Environment Variables
| Variable | Description |
|---|---|
MECHA_DB_PATH | Override database location (default: ~/.mecha/mecha.db) |
How It Works
- Workers are added via
mecha worker add(CLI) — stored in SQLite - Server loads workers on startup and reloads the registry before each webhook match
- Tasks are queued in a channel (256 buffer), dispatched in parallel (up to 16 concurrent)
- Results are written back to GitHub if the task originated from a webhook
Rate Limiting
Each worker has a token bucket rate limiter (2 requests/second, burst of 5). Rate-limited tasks are re-queued automatically, not failed.
Task Retry
Transport errors (connection refused, timeout, DNS failure) trigger automatic retry with exponential backoff:
| Attempt | Delay |
|---|---|
| 1 | 30 seconds |
| 2 | 60 seconds |
| 3 | 120 seconds |
Tasks that exhaust all retries are dead-lettered (permanently failed). Non-transport errors (4xx, invalid response) fail immediately.
Observability
Metrics Endpoint
GET /metrics returns Prometheus-compatible metrics:
mecha_tasks_created 42
mecha_tasks_completed 38
mecha_tasks_failed 2
mecha_tasks_recovered 5
mecha_tasks_retried 3
mecha_tasks_rate_limited 1
mecha_tasks_dedup_skipped 0
mecha_dispatch_latency_ms_avg 4500.000000
mecha_queue_depth 0
mecha_webhooks_received 40
mecha_writeback_ok 35
mecha_writeback_fail 1
mecha_events_dedup_skipped 2The /metrics endpoint is public (no API key required) for scraper access.
Log (Structured Pipeline Trace)
GET /logs returns structured pipeline observations — every event received, match decision, policy evaluation, dispatch attempt, and write-back result:
GET /logs?event={id} — trace one event's journey
GET /logs?task={id} — trace one task's lifecycle
GET /logs?worker={name}&since=1h — worker activity feed
GET /logs?action=policy&since=24h — all policy decisions today
GET /logs?trace={id} — full causal chain
GET /logs?limit=50 — latest 50 entriesEach entry has: id (auto-increment), trace_id, ts, action, outcome (ok/fail/skip/retry/deny), event_id, task_id, worker, attempt, error, detail (sparse JSON).

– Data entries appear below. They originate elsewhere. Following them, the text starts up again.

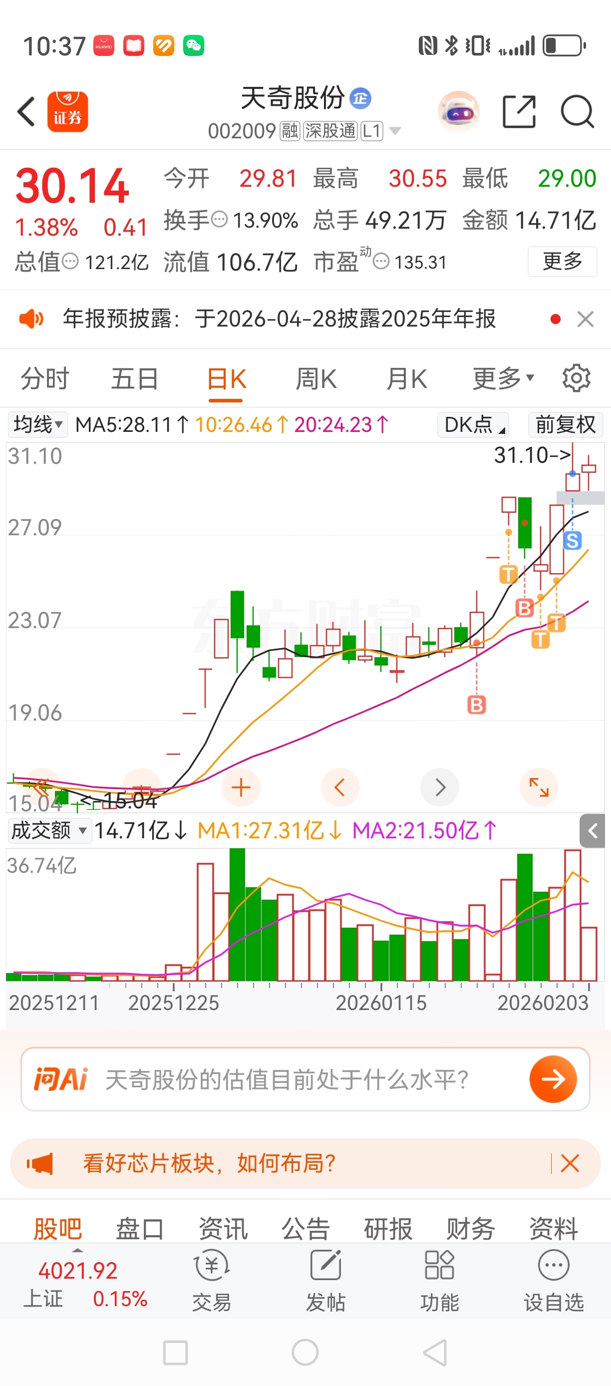 $天奇股份(SZ002009)$ 快下来,我还没接回去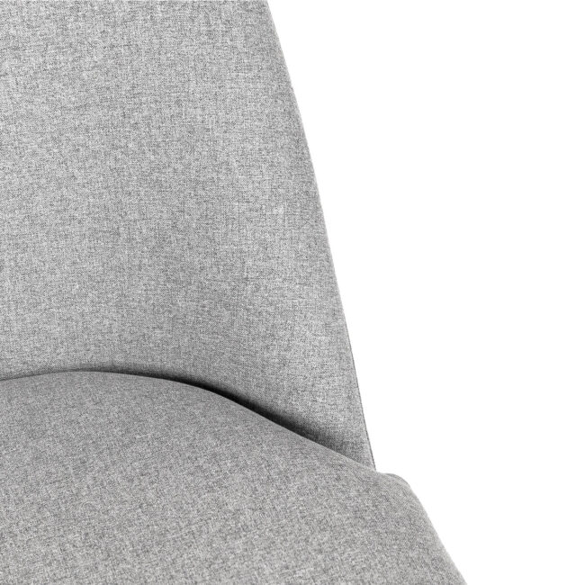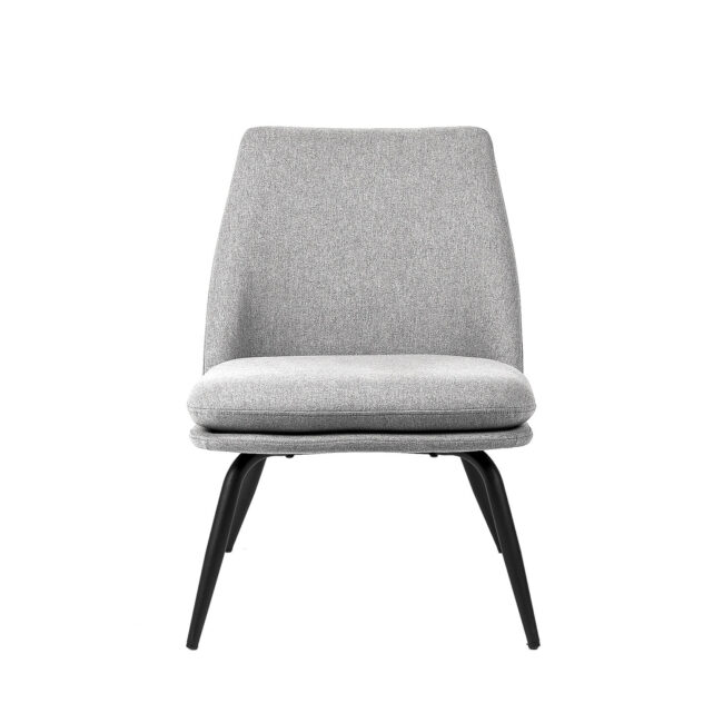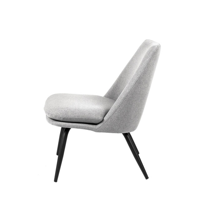 Butaca tapizada en color gris claro con patas ligeramente inclinadas en metal acabado en color negro.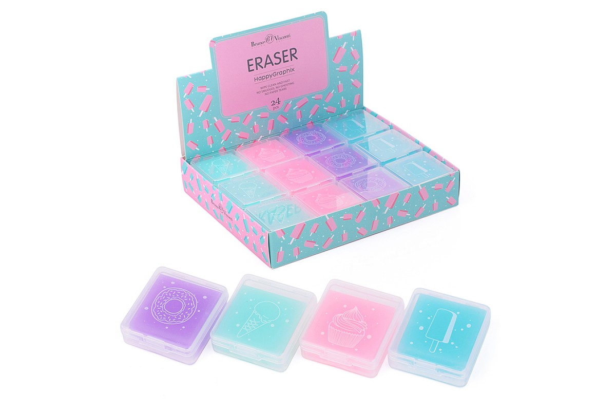 Ластик "HappyGraphix Zefir", квадратный, в пластиковой коробочке, 4 цвета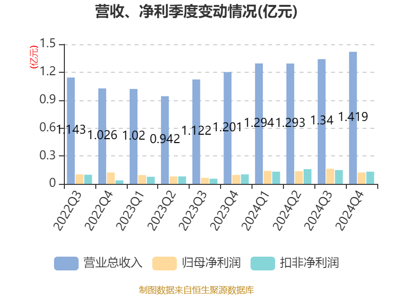 中证智能财讯联合化学(301209)4月28日披露2024年年度报告。2024年,公司实现营业总收入5.35亿元,同比增长24.80%;归母净利润5643.21万元,同比增长66.81%;扣非净利润5725.74万元,同比增长80.94%;经营活动产生的现金流量净额为4185.58万元,同比下降39.94%;报告期内,联合化学基本每股收益为0.7054元,加权平均净资产收益率为7.94%。公司2024年度分配预案为:拟向全体股东每10股转4股,派现2元(含税)。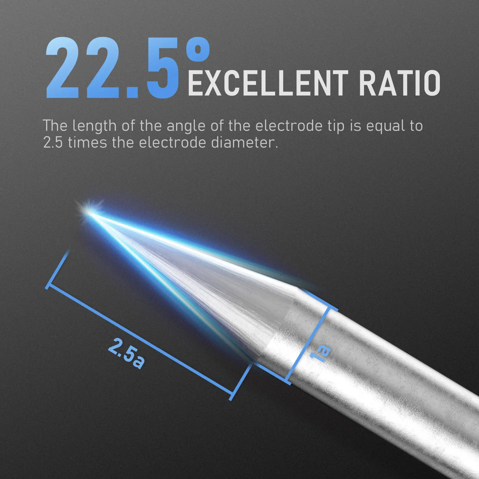 ·Featuring an excellent 2.5:1 tip length-to-diameter ratio, this meticulously engineered angle (specifically 22.5°) ensures superior arc focus and stability.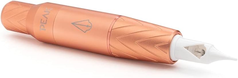 Figure 1: Peak Elara Pen Permanent Makeup Machine with a needle cartridge inserted, showcasing its sleek rose gold design.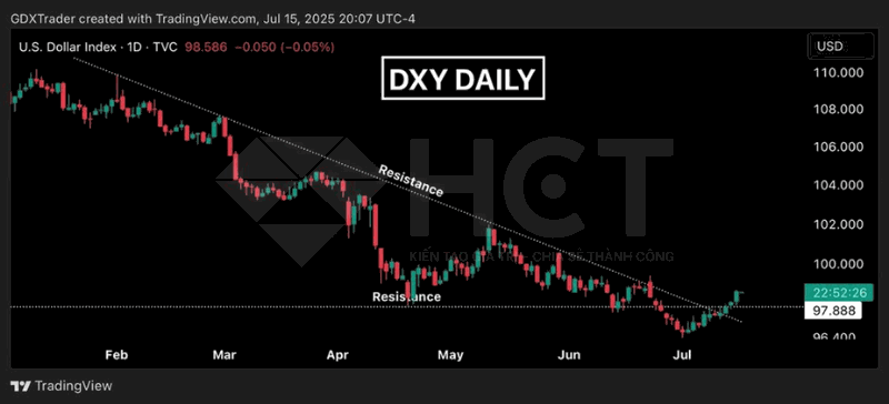 DXY tăng 0.55% và đang tiếp cận mức kháng cự quan trọng. Nếu phá vỡ, DXY có thể báo hiệu sự thay đổi xu hướng và tiếp tục gây áp lực lên giá kim loại trong ngắn hạn.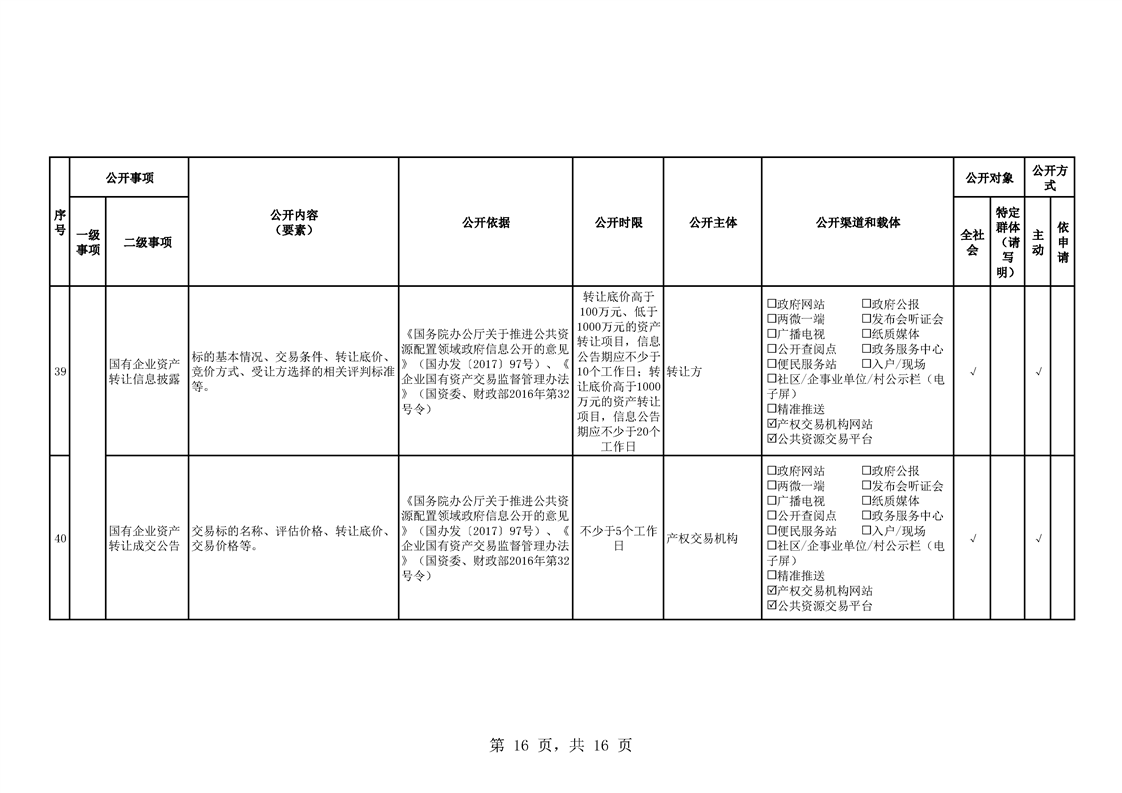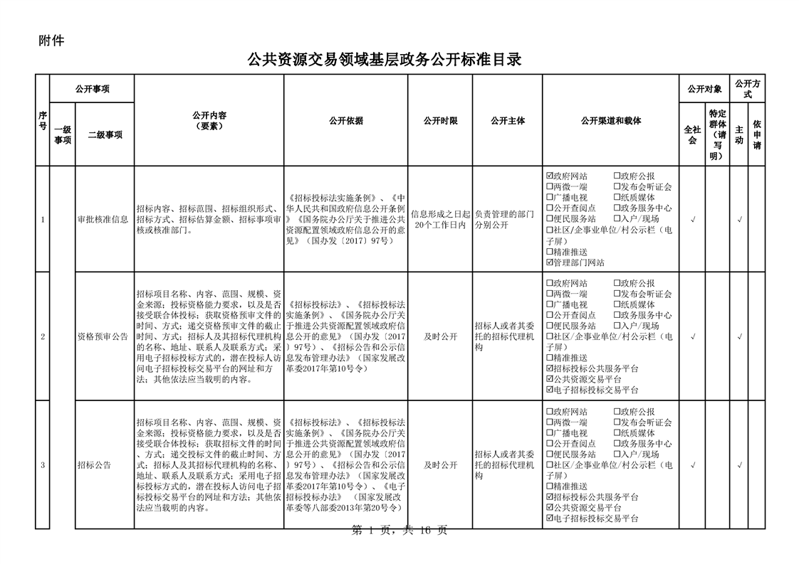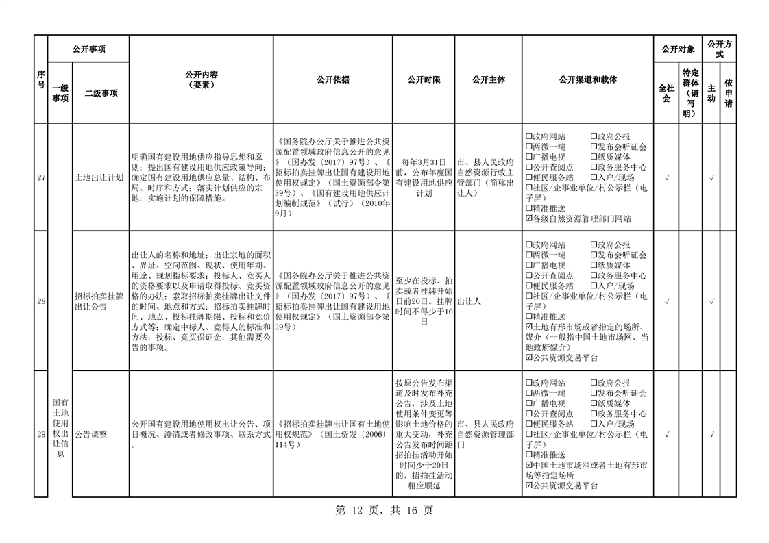 • 公開目錄: 試點領域基層政務公開標準目錄

All secret patterns are redacted before write.
Debug Vars
GET /debug/vars exposes Go's expvar endpoint with all metrics as JSON.
Background Loops
The server runs four background loops:
| Loop | Interval | Purpose |
|---|---|---|
| Retry scan | 30s | Re-enqueues tasks whose backoff delay has elapsed |
| Pending scan | 60s | Catches orphaned pending tasks not in the dispatch channel |
| Reconciliation | 60s | Detects registry/Docker state drift (Docker workers only) |
| Rate limiter cleanup | 5m | Removes stale per-worker buckets (unused for 10m) |
Graceful Shutdown
SIGINT or SIGTERM triggers:
- HTTP server stops accepting new requests (30s drain)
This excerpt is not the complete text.